[About this task] Leave out every picture and set down, exactly, the lines below from the one holding "Die großzügige und" up to and including the one holding "As a result".

[Working data]
------------------------------------------------------------------------

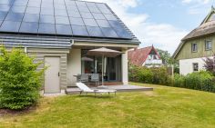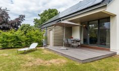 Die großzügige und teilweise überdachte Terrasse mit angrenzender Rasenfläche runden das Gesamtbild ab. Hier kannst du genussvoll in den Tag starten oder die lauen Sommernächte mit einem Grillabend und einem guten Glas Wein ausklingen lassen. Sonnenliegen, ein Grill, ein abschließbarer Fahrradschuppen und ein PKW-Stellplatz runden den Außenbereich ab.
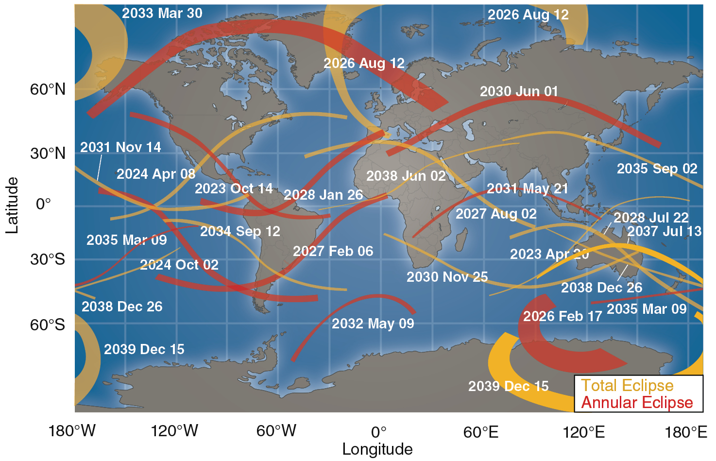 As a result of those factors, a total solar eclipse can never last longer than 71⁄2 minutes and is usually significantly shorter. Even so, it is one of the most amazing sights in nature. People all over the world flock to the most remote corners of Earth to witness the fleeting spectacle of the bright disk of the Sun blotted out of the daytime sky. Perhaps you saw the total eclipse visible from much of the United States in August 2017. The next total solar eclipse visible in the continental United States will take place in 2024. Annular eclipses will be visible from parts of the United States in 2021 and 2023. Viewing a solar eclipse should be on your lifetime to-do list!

------------------------------------------------------------------------

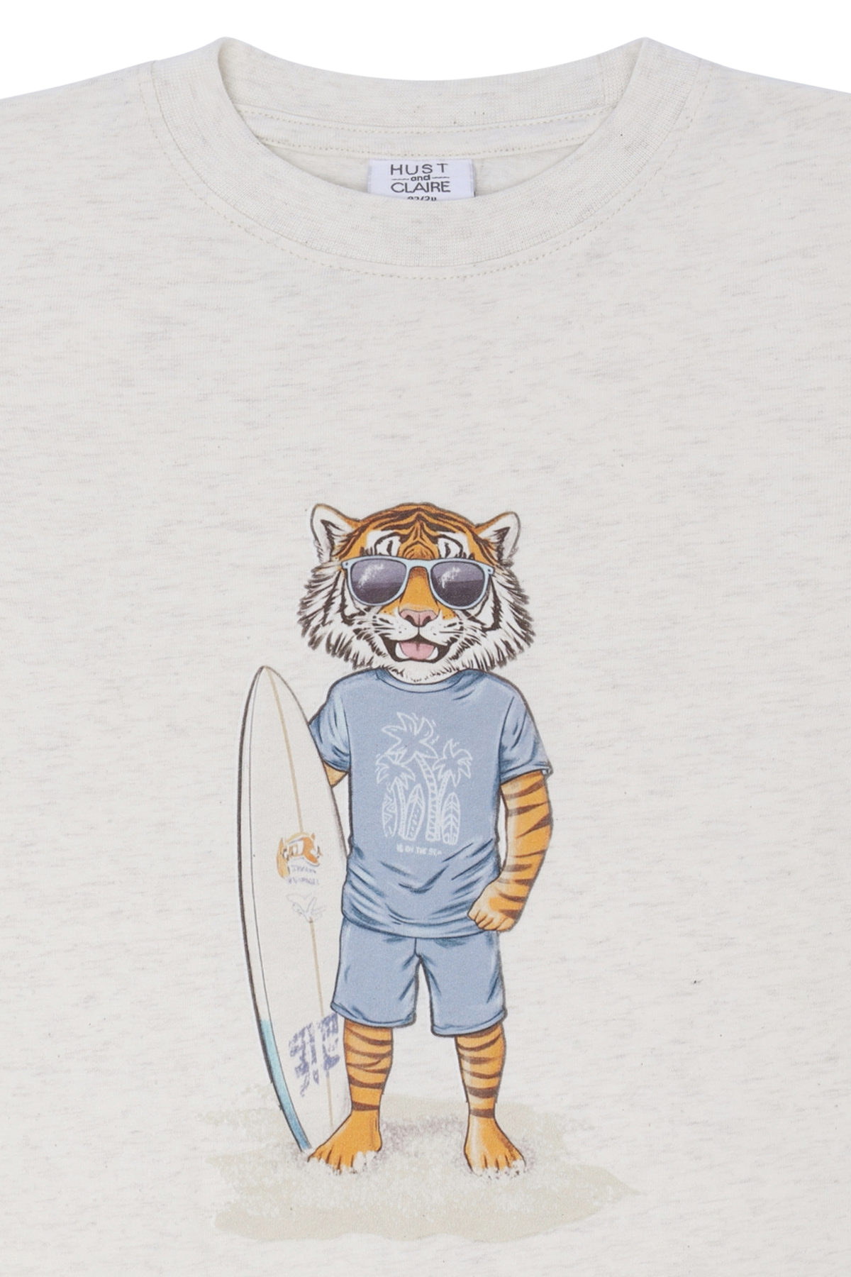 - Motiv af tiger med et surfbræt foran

------------------------------------------------------------------------

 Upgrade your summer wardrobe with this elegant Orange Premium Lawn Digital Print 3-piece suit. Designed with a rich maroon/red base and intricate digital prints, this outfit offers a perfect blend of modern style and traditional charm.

------------------------------------------------------------------------

[Exercise answer]
 Die großzügige und teilweise überdachte Terrasse mit angrenzender Rasenfläche runden das Gesamtbild ab. Hier kannst du genussvoll in den Tag starten oder die lauen Sommernächte mit einem Grillabend und einem guten Glas Wein ausklingen lassen. Sonnenliegen, ein Grill, ein abschließbarer Fahrradschuppen und ein PKW-Stellplatz runden den Außenbereich ab.
 As a result of those factors, a total solar eclipse can never last longer than 71⁄2 minutes and is usually significantly shorter. Even so, it is one of the most amazing sights in nature. People all over the world flock to the most remote corners of Earth to witness the fleeting spectacle of the bright disk of the Sun blotted out of the daytime sky. Perhaps you saw the total eclipse visible from much of the United States in August 2017. The next total solar eclipse visible in the continental United States will take place in 2024. Annular eclipses will be visible from parts of the United States in 2021 and 2023. Viewing a solar eclipse should be on your lifetime to-do list!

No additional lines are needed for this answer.